The Benefits of Depositary Receipts The DR functions as a means to increase global trade, which in turn can help increase not only volumes on local and foreign markets but also the exchange of information, technology, regulatory procedures as well as market transparency. Thus, instead of being faced with impediments to foreign investment, as is often the case in many emerging markets, the DR investor and company can both benefit from investment abroad. Let's take a closer a look at the benefits: For the Company A company may opt to issue a DR to obtain greater exposure and raise capital in the world market. Issuing DRs has the added benefit of increasing the share's liquidity while boosting the company's prestige on its local market ("the company

is traded internationally"). Depositary receipts encourage an international shareholder base, and provide expatriates living abroad with an easier opportunity to invest in their home countries. Moreover, in many countries, especially those with emerging markets, obstacles often prevent foreign investors from entering the local market. By issuing a DR, a company can still encourage investment from abroad without having to worry about barriers to entry that a foreign investor might face. For the Investor Buying into a DR immediately turns an investors' portfolio into a global one. Investors gain the benefits of diversification while trading in their own market under familiar settlement and clearance conditions. More importantly, DR investors will be able to reap the benefits of these usually higher risk, higher return equities, without having to endure the added risks of going directly into foreign markets, which may pose lack of transparency or instability resulting from changing regulatory procedures. It is important to remember that an investor will still bear some foreign-exchange risk, stemming from uncertainties in emerging economies and societies. On the other hand, the investor can also benefit from competitive rates the U.S. dollar and euro have to most foreign currencies. Conclusion Giving you the opportunity to add the benefits of foreign investment while bypassing the unnecessary risks of investing outside your own borders, you may want to consider adding these securities to your portfolio. As with any security, however, investing in ADRs requires an understanding of why they are used, and how they are issued and traded.
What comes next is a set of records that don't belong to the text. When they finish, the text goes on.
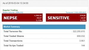 नेपाल स्टक एक्सचेन्ज (नेप्से) परिसूचक ४१.५६ अंकले ओरालो लाग्यो । अर्थमन्त्री डा युवराज खतिवडाले सेयर बजारलाई अनुत्पादक भनेको आधारमा सेयर बजार घटेको बताइएको छ ।
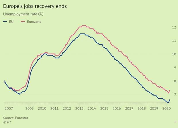 С апреля по май 2020 года работу потеряли около двадцати миллионов европейцев. Лидеры стран ЕС вынуждены тратить огромные суммы на поддержание экономики в стабильном состоянии. Массовые увольнения, а также переход значительной части сотрудников на удалёнку нанесли серьёзный урон экономике Евросоюза. Это подтверждает статистика: около 50% французских работников частного сектора вынуждены были уйти в отпуск без сохранения заработной платы. Треть трудоспособного населения в Ирландии осталась без работы.
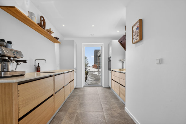 Især i stueplan træder de mange tilvalg i karakter, og det moderne snit bliver balanceret af et varmt strejf. Det skyldes blandt andet de elegante, gennemgående gulvfliser i hele opholdsafdelingen, ligesom de massive elementer i egetræ er et smukt valg i køkkenet. Disse toppes af en holdbar bordplade i Quartzite, og bemærk, at kogepladen er planlimet. Desuden er der gulvvarme i alle rum, og I får et rum til opbevaring under trappen.
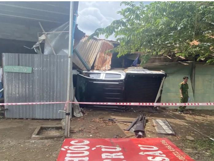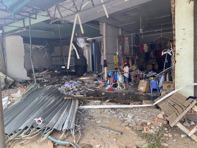 Tại hiện trường, 2 xe trên đã lao thẳng vào và làm hư hỏng nhiều tài sản của 4 căn nhà dân ven đường. Cửa kéo và tường nhà của một số hộ dân bị tông sập. Xe tải mang BKS: 81H00671 nằm gọn trong 1 nhà dân, xe bán tải mang BKS: 51D18339 lật ngang.
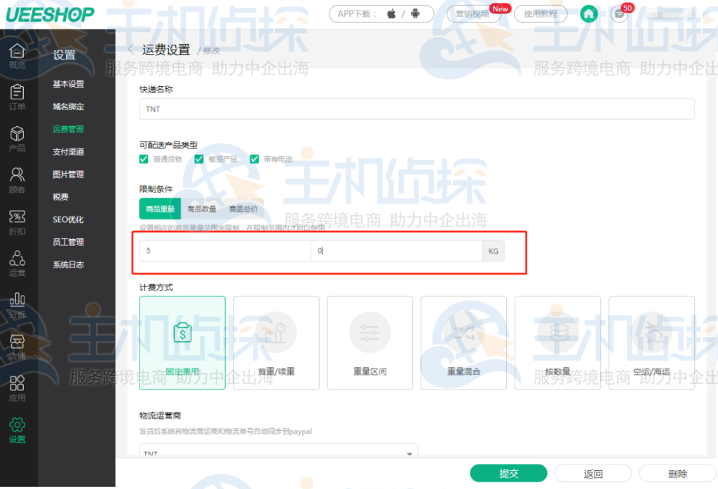 如果重量的没有上限,例如5kg以上都能使用该快递,那最后的数字填写0,如下图:
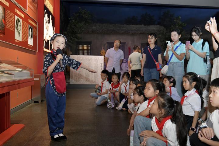 2025年8月7日,在山東省臨沂市沂蒙革命紀(jì)念館,沂蒙紅孩子文藝先鋒隊(duì)的房沫昕在講述紅色故事《沂蒙紅嫂祖秀蓮》。2024年9月,位于沂蒙革命老區(qū)的山東省臨沂市以“傳承沂蒙精神”為宗旨組建沂蒙紅孩子文藝先鋒隊(duì),通過歌舞、朗誦、故事講述、舞臺(tái)劇等紅色主題文藝節(jié)目,增強(qiáng)紅色文化感染力,不斷為紅色基因代代相傳注入新生力量。2025年5月12日,云南省昭通市威信縣第一中學(xué)學(xué)生在大屏上紅色研學(xué)實(shí)踐基地體驗(yàn)編織草鞋。200余名學(xué)生在紅色研學(xué)實(shí)踐基地親手編織草鞋、制作蠟染,并參觀了扎西會(huì)議舊址、紅軍長(zhǎng)征過云南情景體驗(yàn)館,在實(shí)踐互動(dòng)中重溫紅色革命歷史。威信縣立足紅色文化資源優(yōu)勢(shì),先后建成扎西會(huì)議紀(jì)念館、紅軍長(zhǎng)征標(biāo)語館等紅色文化展館,以舊址遺跡為“教室”,以文物史料為“教材”,設(shè)計(jì)開發(fā)多門精品研學(xué)課程和線路,在深入開展紅色研學(xué)系列活動(dòng)中傳承紅色基因。
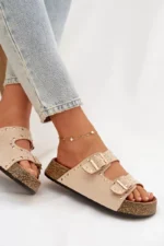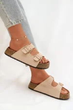 Stilingi ir komfortiški damų sandalai Jasnobeżowe Tervina su auksiniais spaustukais įkvėps jūsų aprangą naujam gyvenimui. Šie sandalai pagaminti iš ekologiškų zomšo medžiagų, kurios užtikrina aukštą kokybę ir patikimumą. Švelni bei natūrali koralų platforma suteikia ne tik komforto, bet ir elegantiškos vasaros jausmą kiekvienam žingsniui. Paauksuoti segtukai ir sagtys neabejotinai padės išsiskirti tarpoje, pridėdami modernumo ir ryškumo kievienai rūbų deriniu ir tikrai nepaliks abejonių jūsų pasirinkimui.
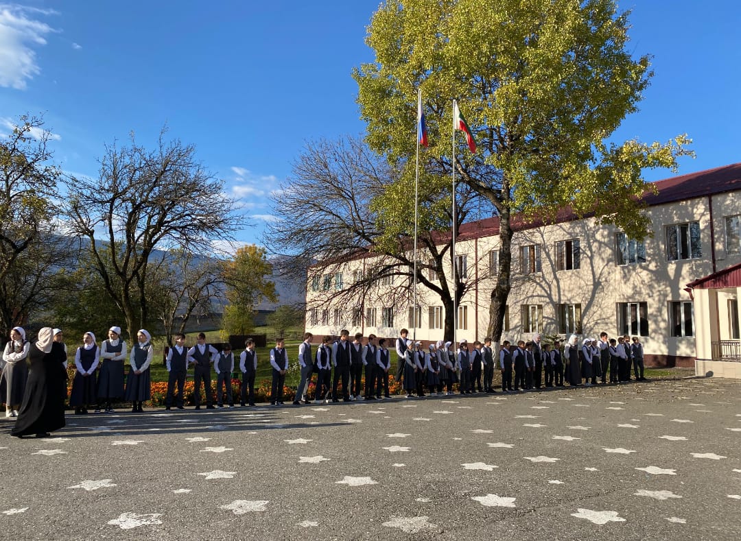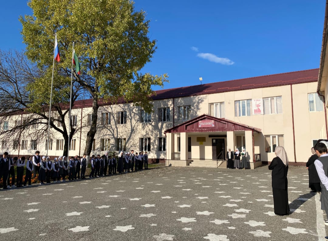 Мы начинаем нашу учебную неделю с традиционной церемонии поднятия флагов Российской Федерации и Чеченской Республики.
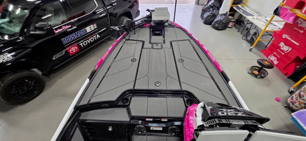I brought this boat to life with the help of the great folks at Bass Pro Shops and One Eleven. I mixed in the cheetah print and the sneaky blue and white, which yes reminded me of colleges, but truthfully are two of my favorite colors and are also an ode to the movie Anastasia. (If I ever make the Bassmaster Classic, the iconic blue dress is also a must.)
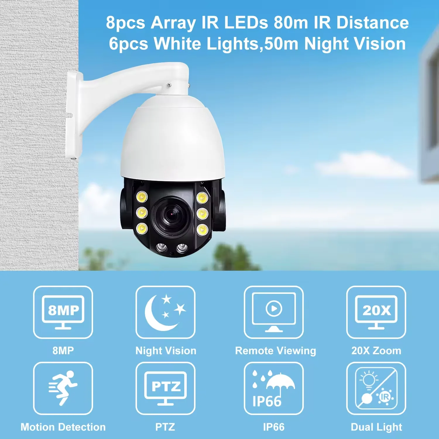 ①8MP 20X Zoom POE IP High Speed PTZ Outdoor/ Indoor Security Camera, 2-ways audio, 6pcs Array IR LEDs,100m IR
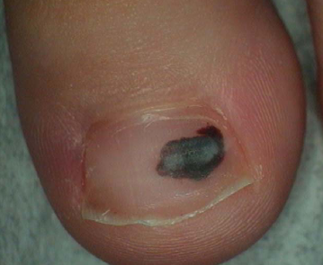 Rispetto al nevo, il melanoma ungueale si caratterizza per ‘irregolarità della linea che si allarga irregolarmente e può talvolta mostrare (e quindi di aiuto alla diagnosi) una pigmentazione irregolare, che nel corso dei mesi si diffonde alla piega ungueale adiacente (segno di Hutchinson).
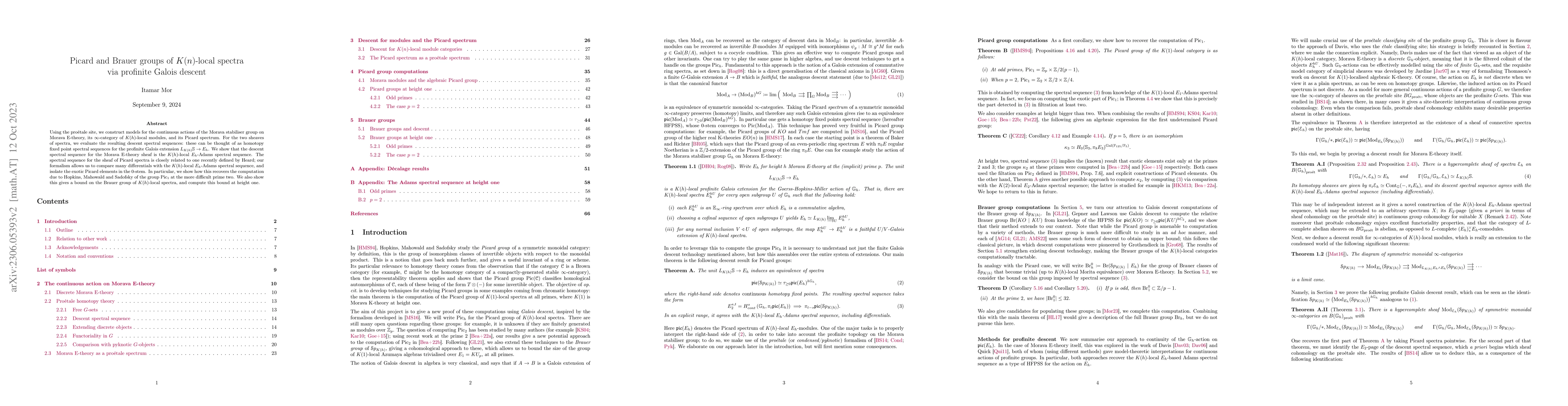 This paper constructs models for the continuous actions of the Morava stabiliser group on Morava E-theory and its $K(n)$-local module $\infty$-category using proétale descent. It shows that the descent spectral sequence for Morava E-theory is equivalent to the $K(n)$-local $E_n$-Adams spectral sequence and computes the Picard group $\mathrm{Pic}_1$ at all primes, as well as bounds and computes the Brauer group of $K(n)$-local spectra at height one.
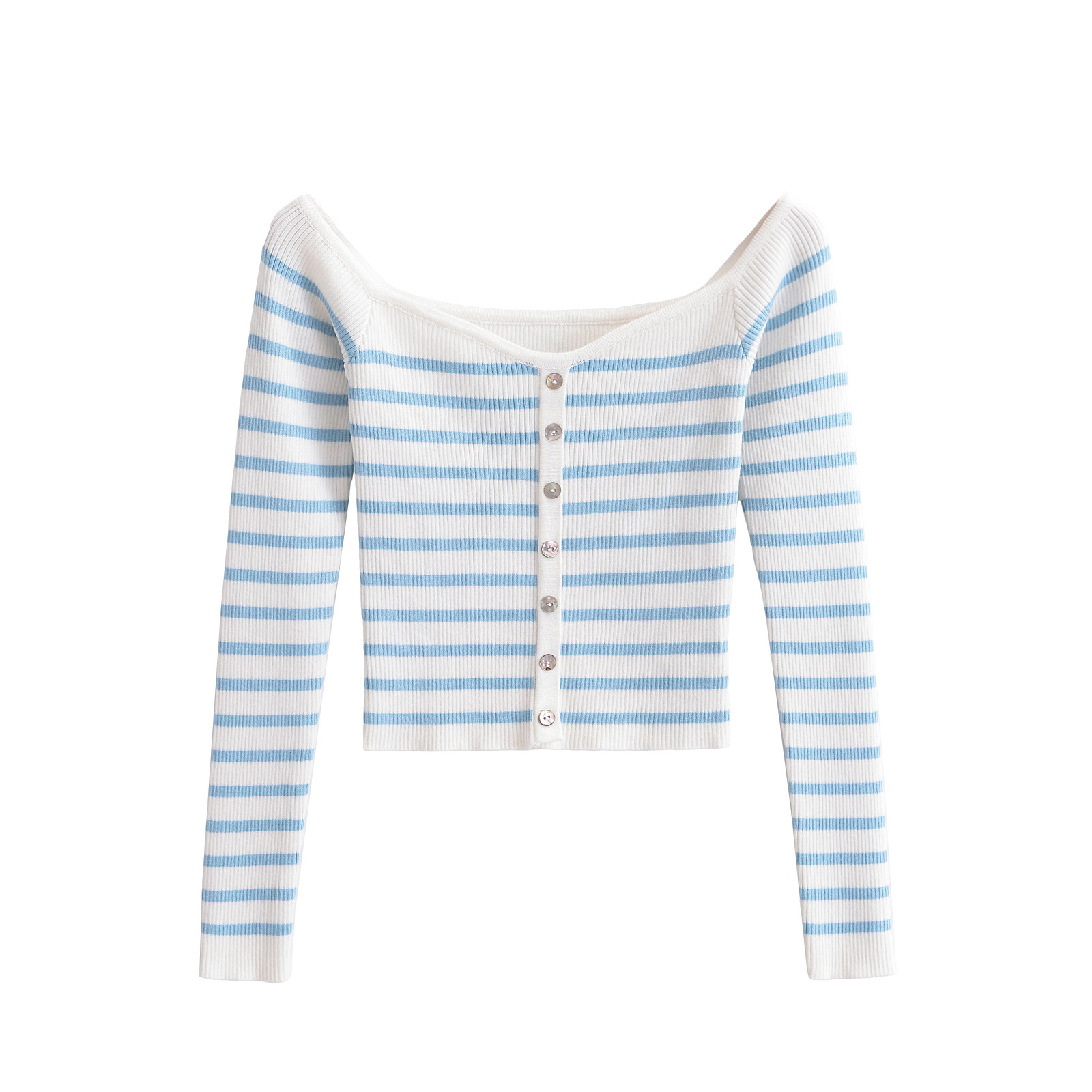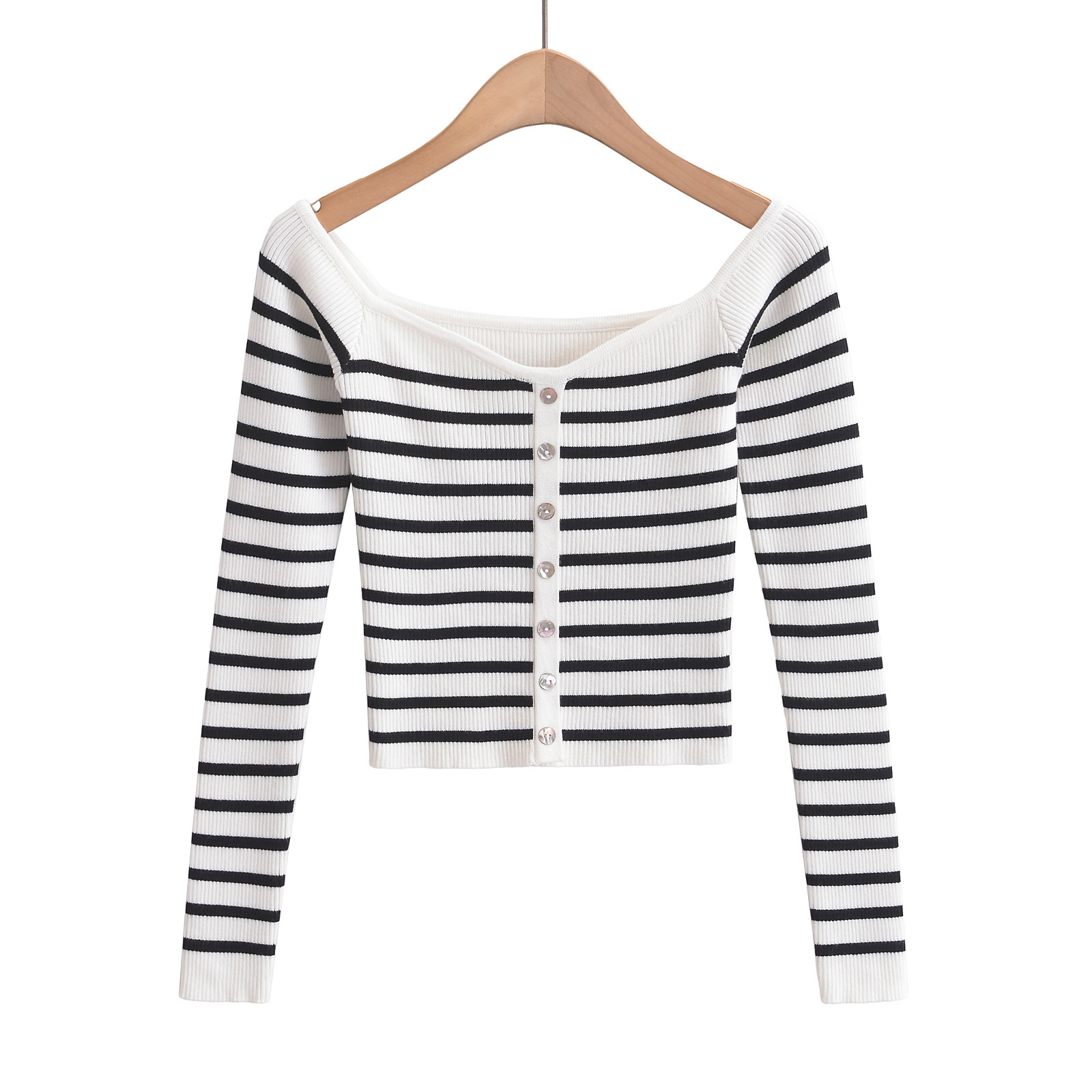 대조 컬러 스트라이프 칼라 긴팔 니트 여성용 2024 가을 및 겨울 새로운 순수 스파이스 소녀 슬림핏 숄더 탑

Q4 .Difference between IAS and GAAP? ANS .The acronym "IAS" stands for International Accounting Standards. This is a set of accounting standards set by the International Accounting Standards Committee (IASC), located in London, England. The IASC has a number of

different bodies, the main one being the International Accounting Standards Board (IASB), which is the standard-setting body of the IASC. The acronym "GAAP" stands for Generally Accepted Accounting Principles. The IASC does not set GAAP, nor does it have any legal authority over GAAP. The IASC can be thought of as merely a very influential group of people who love making up accounting rules. However, a lot of people actually do listen to what the IASC and IASB have to say on matters of accounting. When the IASB sets a brand new accounting standard, a number of countries tend to adopt the standard, or at least interpret it, and fit it into their individual country's accounting standards. These standards, as set by each particular country's accounting standards board, will in turn influence what becomes GAAP for each particular country. For example, in the United States, the Financial Accounting Standards Board (FASB) makes up the rules and regulations . 1. GAAP are the more generic accounting rules that every country holds, and are directly influenced by the different accounting boards of each jurisdiction, whereas, IAS is the specific set of internationally recognized accounting standards, set by the IAS Committee. 2. GAAP, in itself, is locally based, while the IAS is globally recognized, and some of its rules or standards are incorporated in the GAAPs of many countries.